A tale gradually emerges of a female character who experiences lockdown in London with a virtual stranger and during those days tells to him what occurred to her a ten years before, when she accepted an offer from a man who claimed to be the devil to fulfill all her desires, so long as she didn't question his motives. As the threads of the two stories become more interwoven, we start to believe that they are one and the same—or at minimum that the nature of T is legion, for there are demonic forces all around.
There is another fire here: an ardent, magnetic dedication to literature as a political act
Deals with the Devil: A Literary Examination
Literature instruct us that it is the dark figure who makes deals, not God, and that we engage in them at our peril. But what if the narrator herself is the malevolent force?
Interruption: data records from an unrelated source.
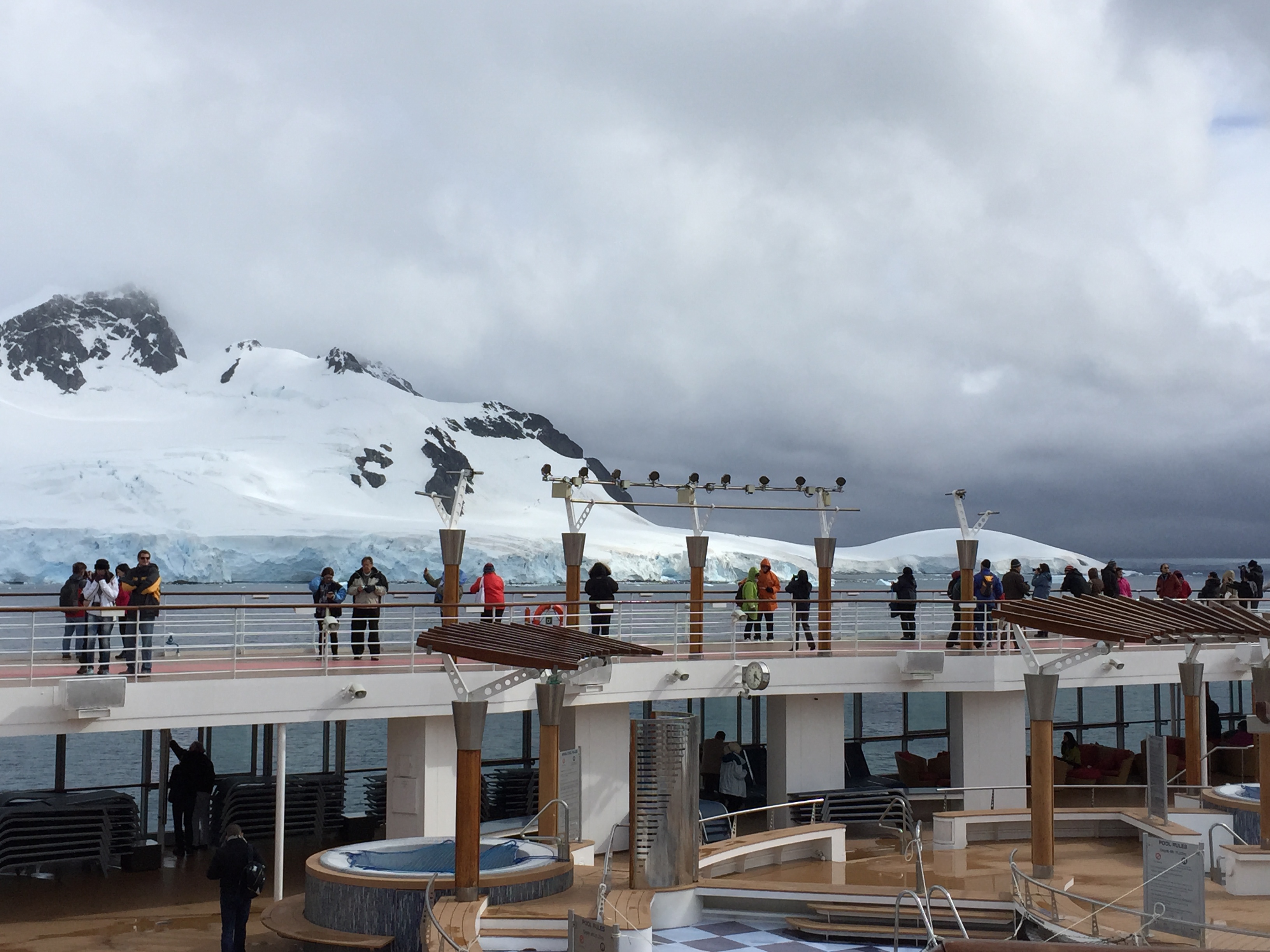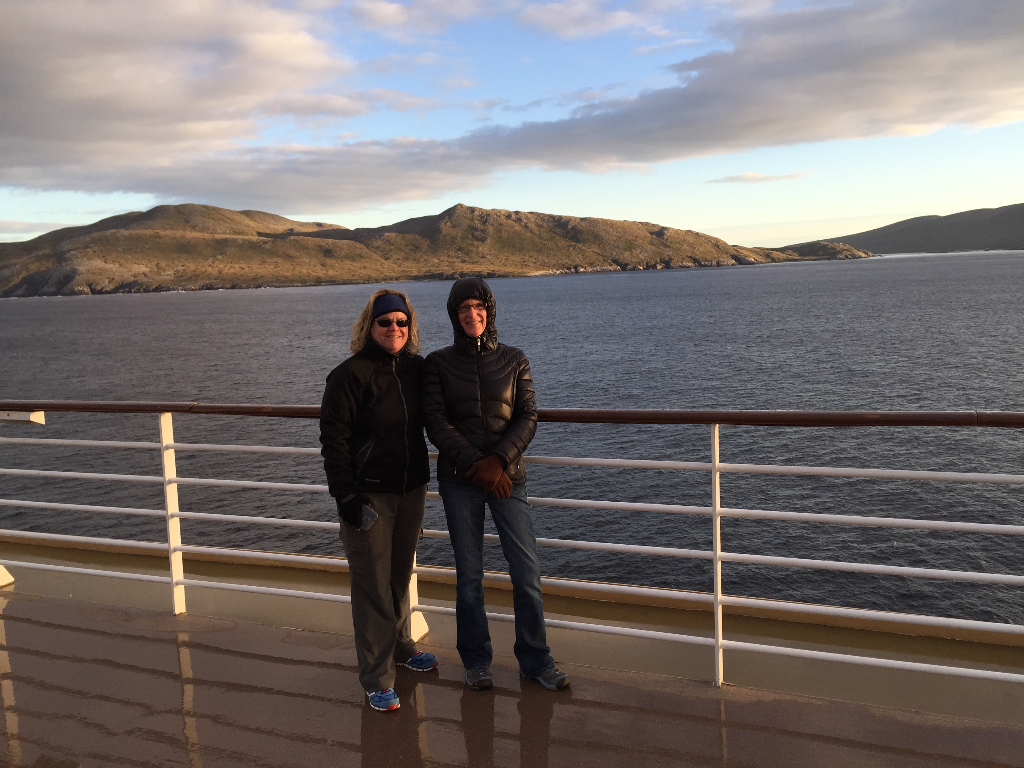 So, I found a spot and bellied up to the bar at one of the restaurants to have my first bite of South American beef. The menu was in Spanish, and I couldn’t read it, of course. (Funny….but, my French lessons did me precious little good on this trip!) As I perused the menu, the woman sitting next to me looked up and asked me where I was from. AHA……. an English speaker! I told her, and then asked what she liked to eat here. Her response was the “deer in the headlights stare” and “no habla ingles”. WHAT?! But, she called her sister over who had a few more words and the three of us together managed to get me one of the biggest steaks I have seen in quite a long time. It was so good….and pretty cheap….about $15.00 for the steak and a big bottle of water! Much to my surprise, I ate just about the whole thing before saying “ciao” to my two new friends and waddling back to the ship. What an experience. People are so nice!
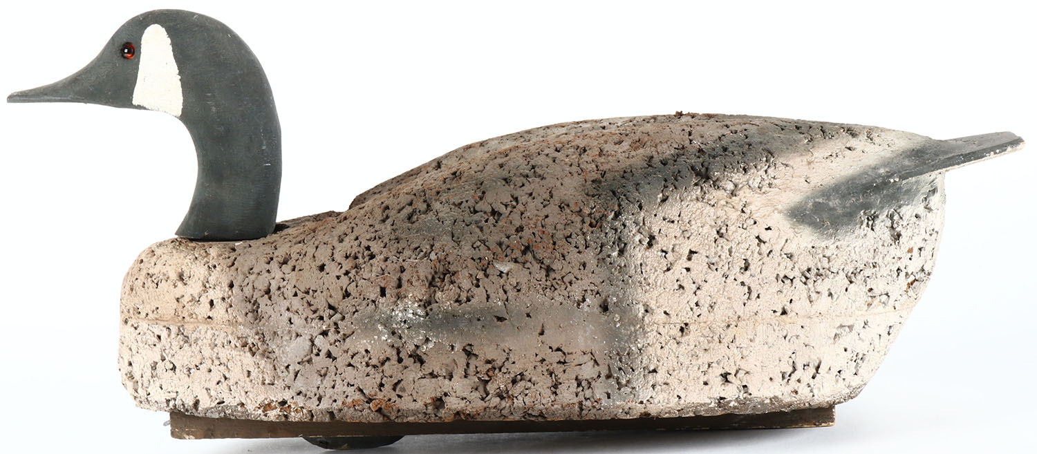 Canada Goose by Tuveson Manufacturing, Minnesota, glass eyes, solid cork body, original paint, head comes completely off. Grade: Very Good + - Value: 30 to 60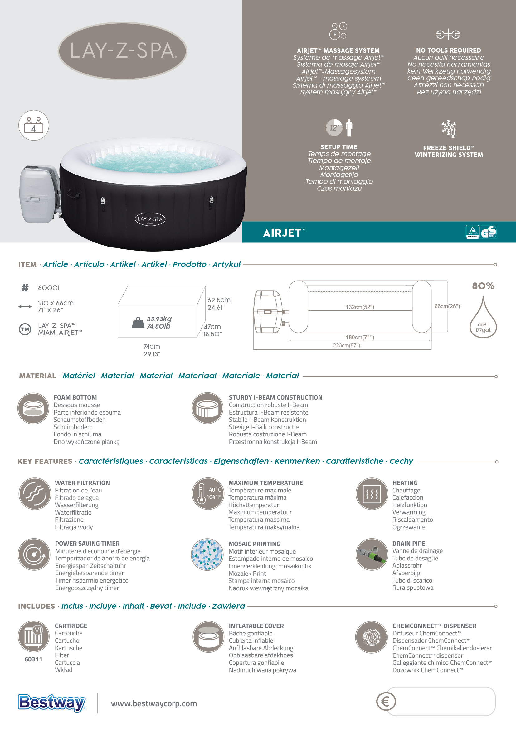 Maailman johtava ulkoporealtaiden valmistaja Bestway tarjoaa juuri sinulle kylpylätasoisen elämyksen omassa kodissasi Lay-Z-Spa Miami Air Jet -porealtaan avulla!

A third narrative comes finally to light—the account of a young woman whose early years was marred by mistreatment and who spent time in a mental health facility, under pressure to comply with societal norms or endure further harm. “[The devil] knows that in the game you've created for it, there are a pair of results: surrender or stay a beast.” A third way out is finally revealed through a series of poems to the darkness that are also a call to arms against the influences of capital.
Parallels and Interpretations: From Fiction to Real Events
Numerous British readers of Nordenhof's series novels will think right away of the London tower tragedy, which, though accidental in cause, bears similarities in that the ensuing disaster and loss of life can be attributed at in part to the dangerous trade-off of prioritizing profit over human lives. In these initial books of what is planned to be a seven-book sequence, the blaze aboard the ship and the chain of fraudulent transactions that ended in multiple deaths are a ominous underlying element, showing themselves only in brief glimpses of detail or implication yet casting a growing shadow over everything that transpires. Certain individuals may doubt how far it is possible to interpret this volume as a independent work, when its purpose and significance are so deeply bound into a broader whole whose ultimate shape, at this stage, is uncertain.
Innovative Prose: Art and Morality Intertwined
There will be others—and I count myself as among them—who will become enamored with the author's endeavor purely as text, as truly innovative literature whose moral and creative purpose are so deeply interlinked as to make them inseparable. “Write poems / for we need / that as well.” There is another fire here: an intense, attractive devotion to writing as a political act. I intend to continue to pursue this literary journey, no matter where it goes.